Saturday me, my nine hour jet-lag and a 32 Celcius Paris spent the evening listening to jazz together at the Duc Des Lombards. Olivier Temime (and his trademark haircut) and 'the Volunteered Slaves' (a reference to Roland Kirk's piece 'volunteered slaves') were playing their
brand of soul jazz/funk/hard bop with Temime leading the group on Sax. My fatigue and the heat (though I love that most Paris Jazz clubs are now non-smoking, sometimes it would be wonderful if they were also air conditioned...) eventually pulled me out of the club in time to catch the last metro, but for most of the two sets I was thrilled by the tight and risk-taking rhythm section of Julien CHARLET (dms), Arnold MOUEZA (perc) and the bassist whose name was nowhere listed and was sped by in every announcment (to him I apologise...) along with the tight playing of Jérôme BARDE (Bardophone) playing on a very pretty seven string self-named guitar of his own making. 

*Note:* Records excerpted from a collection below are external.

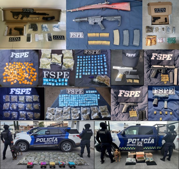 Fuerzas de seguridad del estado de Guanajuato decomisaron durante enero 21 armas largas y cortas, además de 46 mil 500 dosis de drogas.
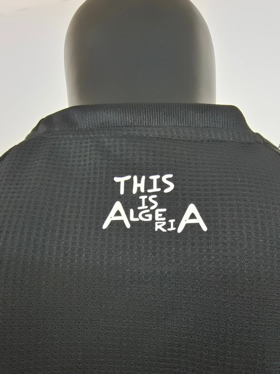 Ce maillot arbore un noir intense avec des touches blanches épurées, reflétant à la fois la puissance et la sobriété de l’équipe algérienne. Son tissu technique permet une respirabilité maximale et un confort durable même lors des efforts intenses.
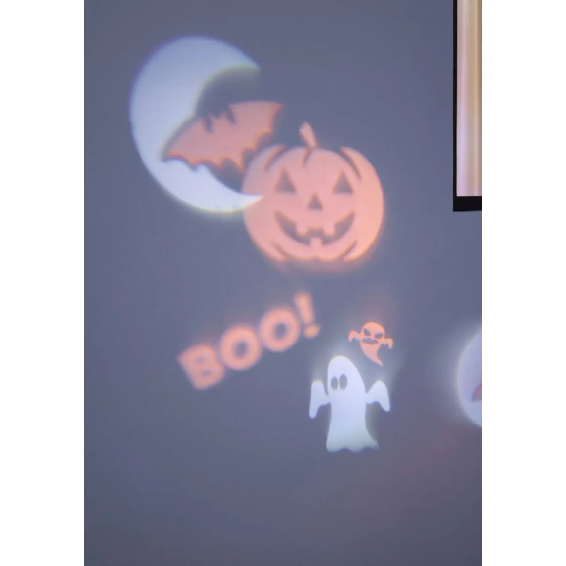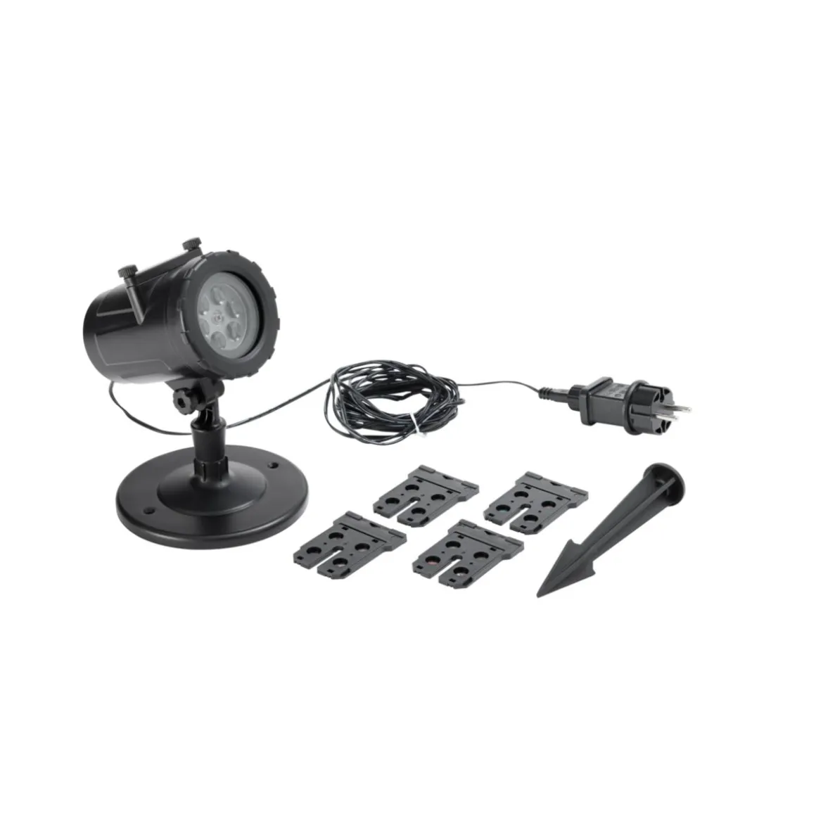 - Im Lieferumfang enthalten sind ein Projektorgehäuse sowie vier verschiedene Motivplatten zum individuellen Wechseln je nach Anlass
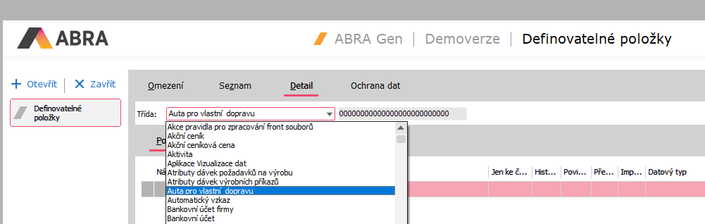 Takto nadefinovaný číselník má pro evidenci údajů pouze základní položky Kód a Název. Pro evidenci SPZ a poznámky si proto nadefinujeme vlastní uživatelské položky. V agendě Definovatelné položky vyvoláme funkci Nový a v položce Třída vybereme z nabízeného seznamu třídu našeho Business objektu:
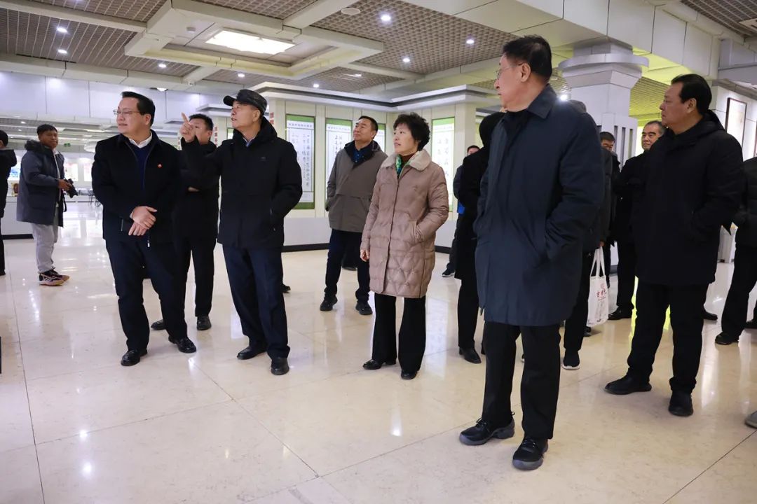 ▲与会领导参观“诗情墨韵古贝春”书法展
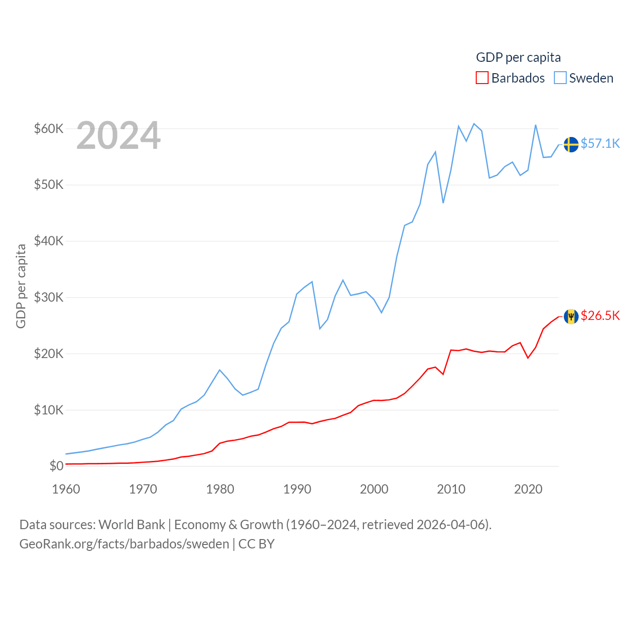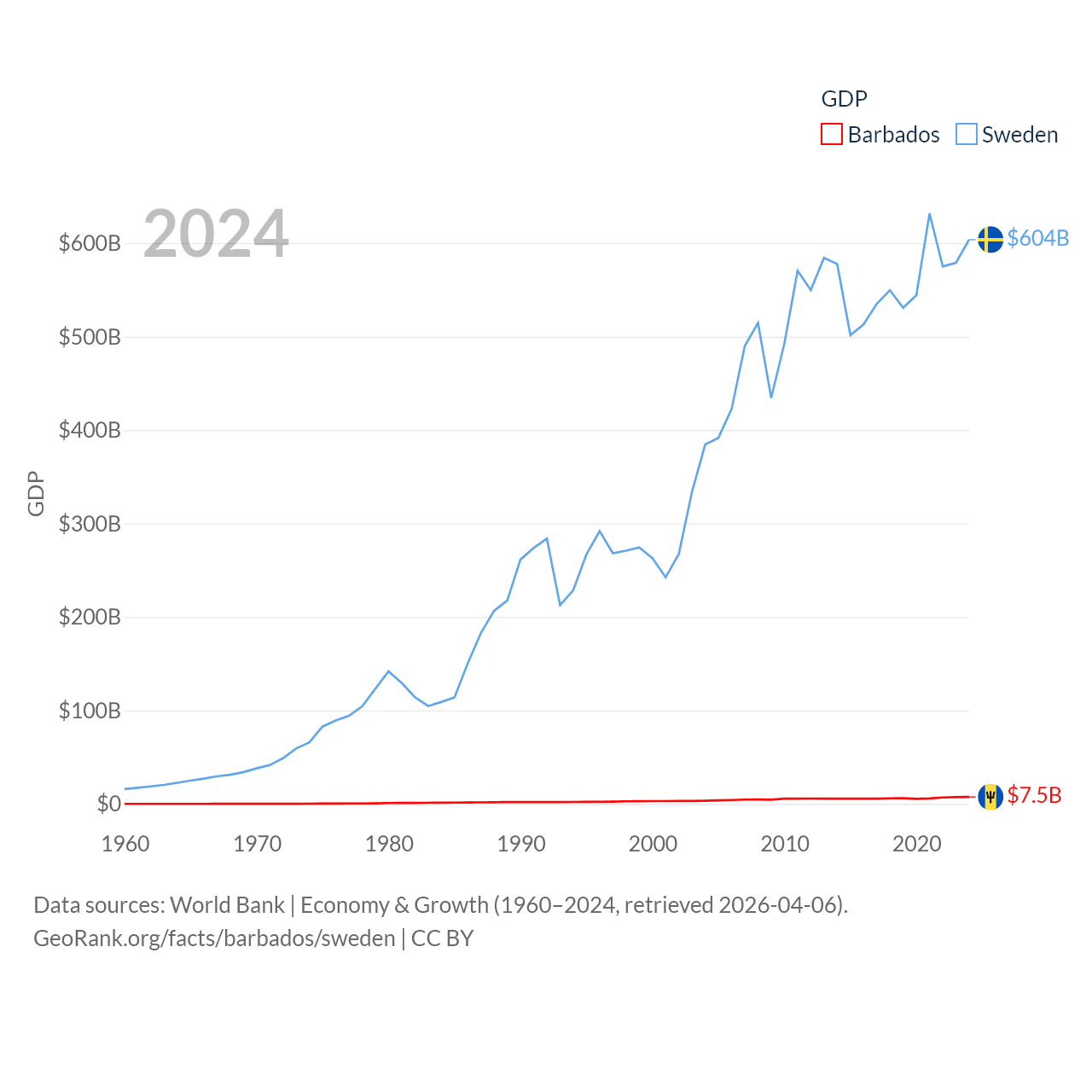 By GDP, Barbados ranks 157/197 ($7.5B) and Sweden ranks 26/197 ($604B). By GDP per capita, Barbados ranks 46/197 ($26,545), while Sweden ranks 17/197 ($57,117).
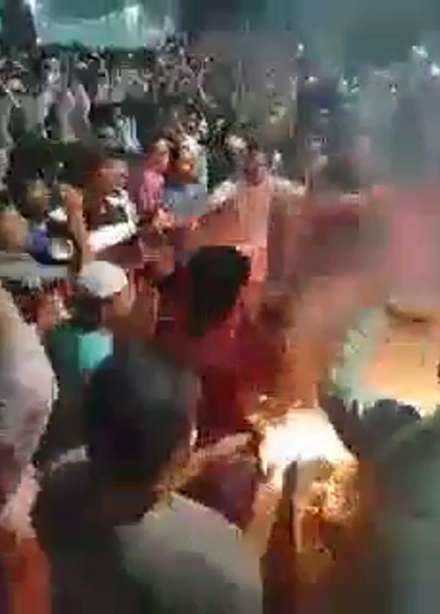 crowd of people gathered around a fire. The crowd appears to be mostly men, and many of them are wearing traditional clothing. There is a lot of smoke and fire. People are raising their hands and yelling. The video is shaky and the quality is poor.
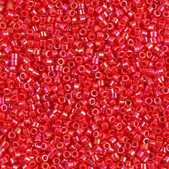 5 gram package of size 11 Miyuki Delica beads in opaque light Siam with an Aurora Borealis (AB) finish. Approximately 1000 beads.
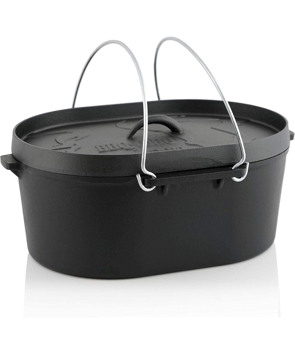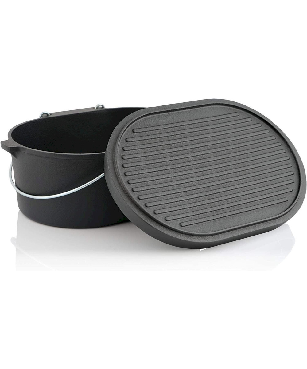 Der Dutch Oven ist ein schwerer, traditioneller, gusseiserner Topf und ein exakt passender Deckel mit dem man überall kochen, braten, schmoren, frittieren, dünsten und backen kann. Der Dutch Oven reguliert dank seiner hohen Masse (Gusseisen) ungleichmäßige Hitze und ermöglicht so ein gleichmäßiges Garen. Einfach glühende Kohlen, Glut oder Grillbriketts auf den Deckel und unter den Topf geben und das Dutch Oven-Erlebnis kann losgehen. Der extra erhöhte Deckelrand bietet optimale Bedingungen für Kohle und Co.
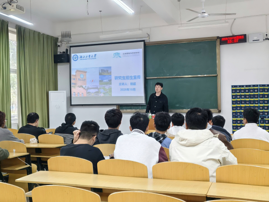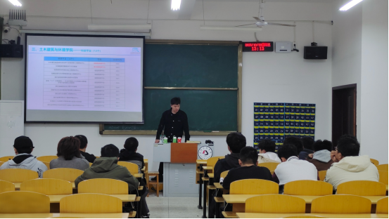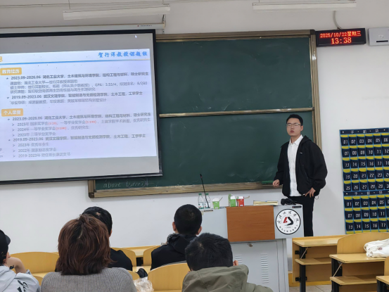 宣讲会上,杨超老师重点围绕近些年主攻的“绿色建筑材料研发”“结构工程抗震优化”“智能检测技术应用”等研究方向展开详细讲解,通过展示多项省部级科研项目成果、专利技术及学术论文,让在场学生直观感受到其科研实力与发展潜力。同时,杨超老师还结合招生政策,介绍了湖北工业大学土木工程专业的考研报名流程、复试侧重点及录取优势,为有意向报考的学生提供了清晰的参考方向。
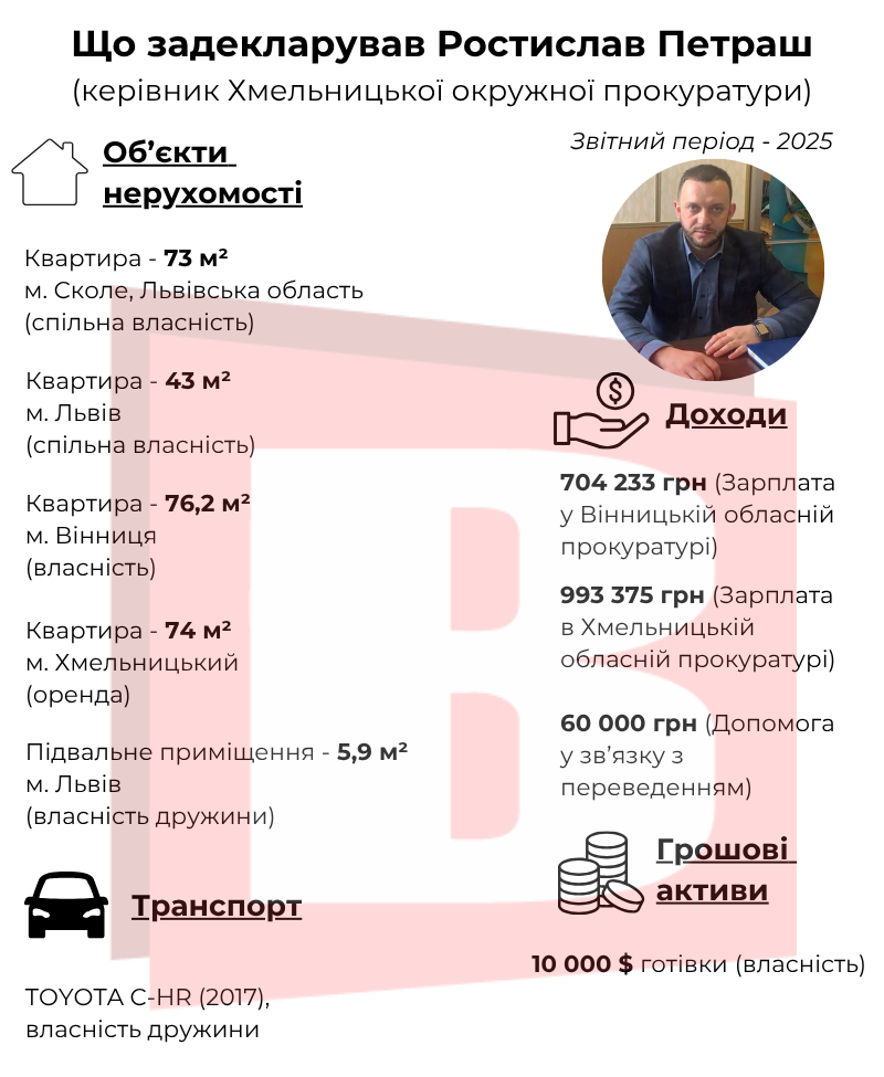 А от очільник окружної прокуратури міста Хмельницького Ростислав Петраш задекларував чотири квартири, дві з яких перебувають у спільній сумісній власності з дружиною. На посаді він заробив понад 990 тисяч гривень за рік. Також він зберігає понад 2 мільйони гривень на рахунках і готівкою.
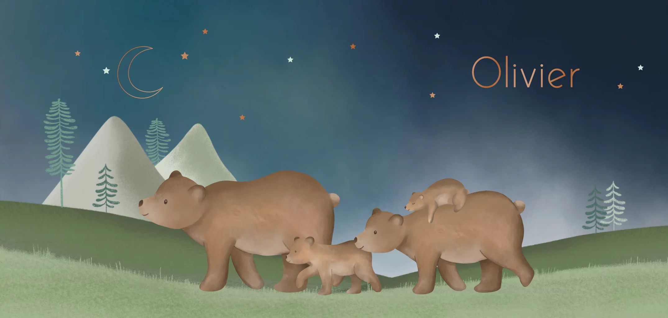 Een prachtig hoogglans geboortekaartje voor een broertje. Op het kaartje zie je een familie van beren lopend onder de sterrenhemel.

This inner quartet kept up an unrelenting groove that gave the soloists an energetic platform for their work. In their promotional material they refer to influences like Joe Henderson (Black Narcissus, Blue Bossa) and Roland Kirk (the blind american player who specialised in blowing on several instruments at the same time) and while I can see the connections, I found a closer relation to players like Eddie Harris (the player whose jazz albums regularly topped the R & B charts in the 60's). My grumble with the group was that often I found Olivier Timime to be riding on the back of his rhythm section and not the leader I expected to hear. Call me a bitter ex-punk rocker if you like, but I think if you're going to cut your hair into a Mohawk and pick up a sax to lead a jazz group, then you've got to also pick up the attitude of risk and attack that comes along with the territory. I'm not sure if Temime was up to the challenge.